There is also a failure mode worth naming on the other side. If you go thin and then decompose your services too far, you can end up with chatty synchronous callbacks flying between dozens of tiny services. That is a distributed monolith: all the latency and fragility of the network with none of the independence you were promised. Thin events are a tool, not a virtue. The read-model pattern exists precisely so you do not fall into this.
What I would actually do
For internal enterprise integration, I start thin. The event announces a business fact and carries an id, and I treat that as the default until something gives me a concrete reason to do otherwise.

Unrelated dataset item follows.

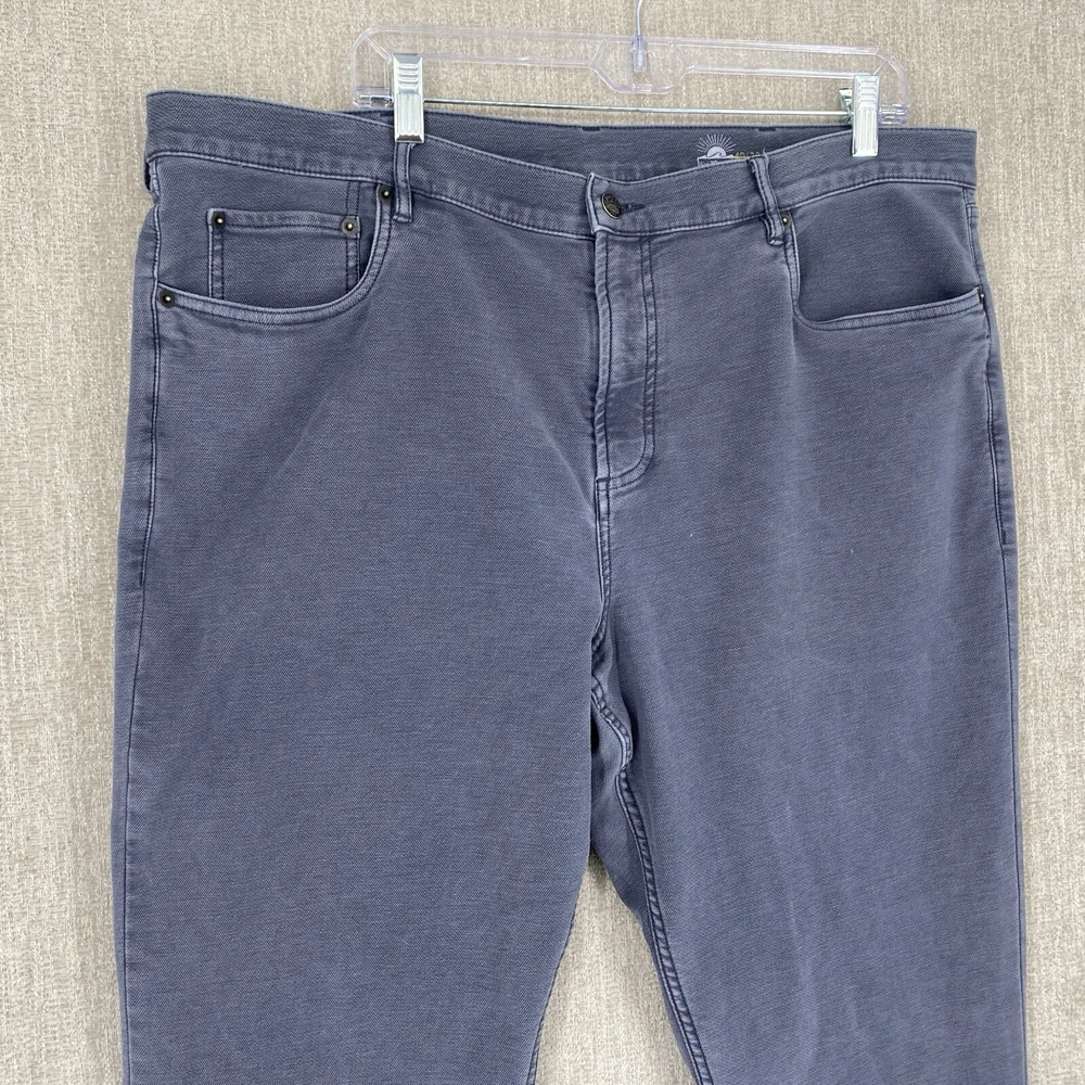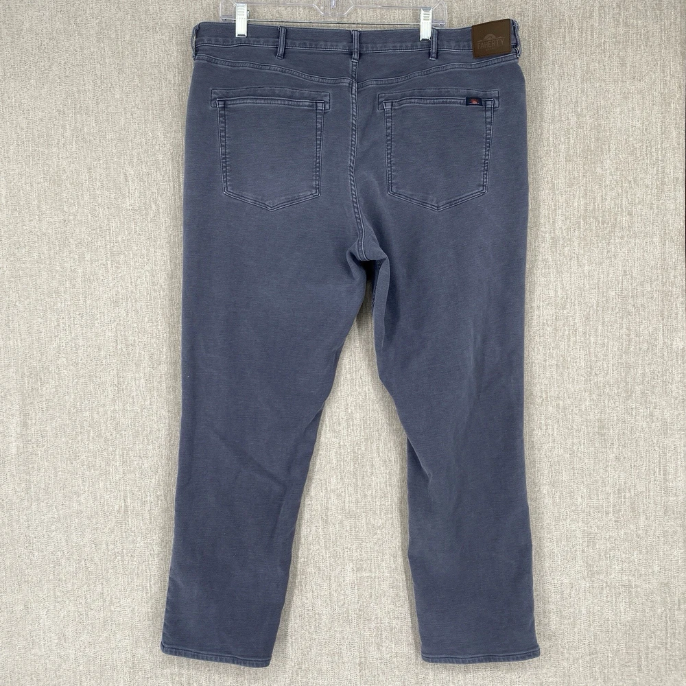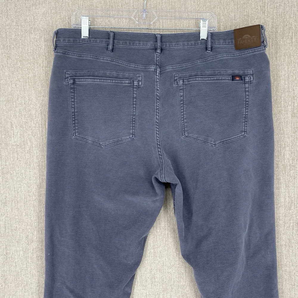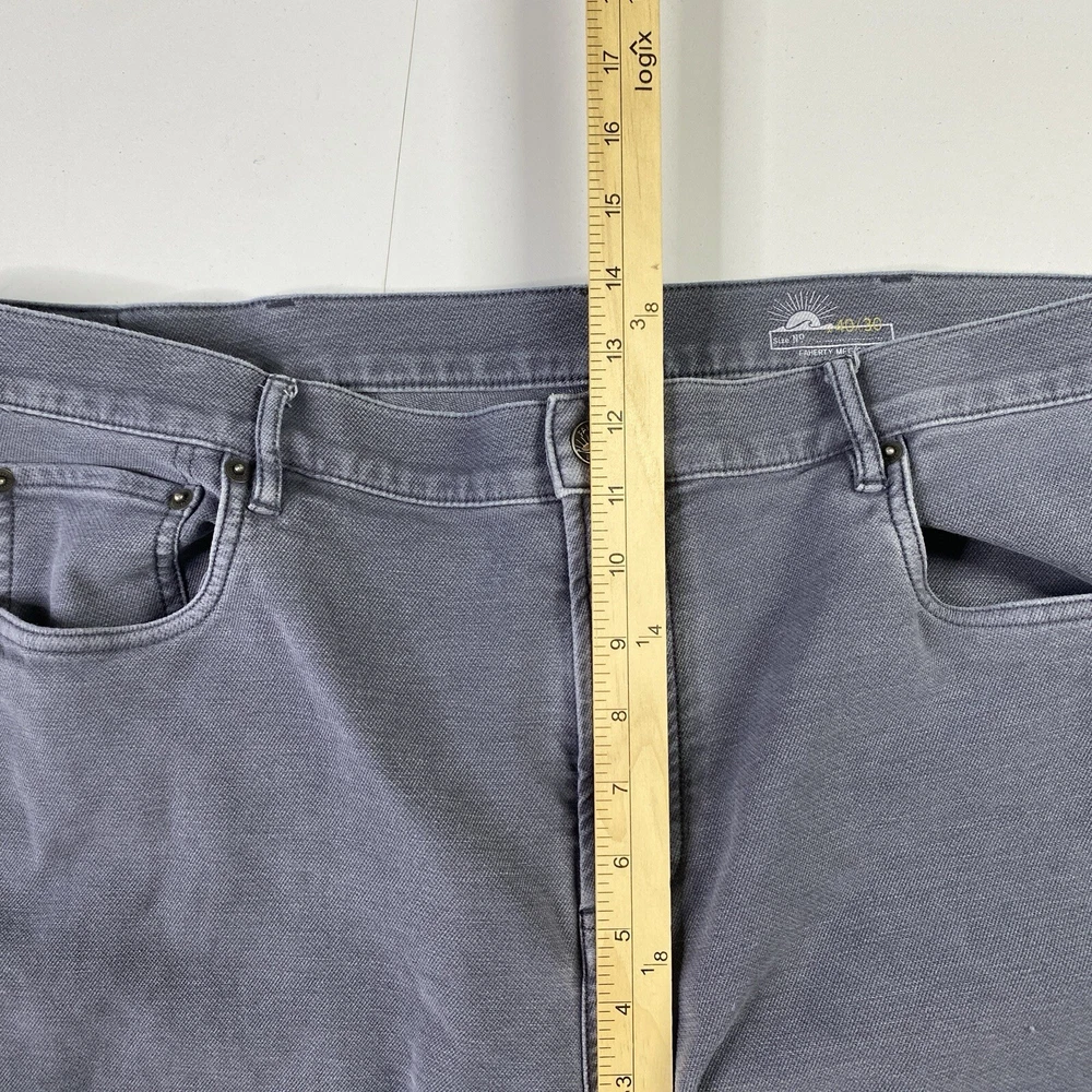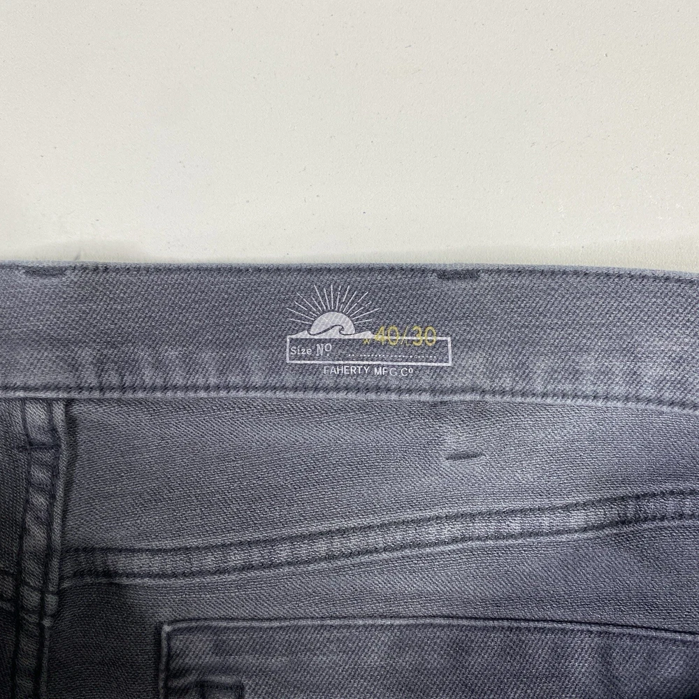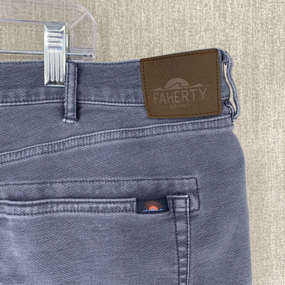 Front Type: Flat Front Waist Size: 40 in Accents: Logo Theme: Preppy, Modern Season: Fall, Spring, Summer, Winter Type: Pants Rise: Mid (10-12 in) Department: Men Fit: Regular Material: Cotton Leg Style: Straight Inseam: 30 in Fabric Type: Denim Garment Care: Machine Washable Size: 40 Brand: Faherty Style: Chino Occasion: Casual, Travel Closure: Button, Zip Pocket Type: 5-Pocket Design Pattern: Solid Color: Gray Size Type: Regular Vintage: No Features: Stretch

When a consumer needs detail, I reach for a read model before I reach for a fatter event, so the callback dependency does not turn into a bottleneck. When the data is genuinely large, claim-check keeps it off the bus. When state and events have to agree, the outbox makes that atomic. And I keep a hard line between the rich events I use inside a service and the lean, versioned ones I publish to everyone else.
When I do decide to carry the data, I make it a conscious choice with a written reason, usually cross-organisation reach, audit, or a consumer that has to survive my downtime. That note matters, because it stops the exception quietly becoming the norm.
The thread running through all of this is the same business outcome: systems that can change without waiting for each other. Fat events feel generous in the moment and charge you later in coupling. Thin events ask for a little more engineering up front and pay it back in the freedom to move. For most enterprises, most of the time, that is the better trade.
It is worth remembering which way the industry tends to push while you make that call. A lot of vendor guidance nudges you toward fat events, because the more of your data flows through and settles inside their platform, the more valuable that platform becomes to them. That does not make the advice wrong, but the incentive runs toward fat while your own interest, most of the time, runs toward thin. Weigh the advice knowing who benefits from it.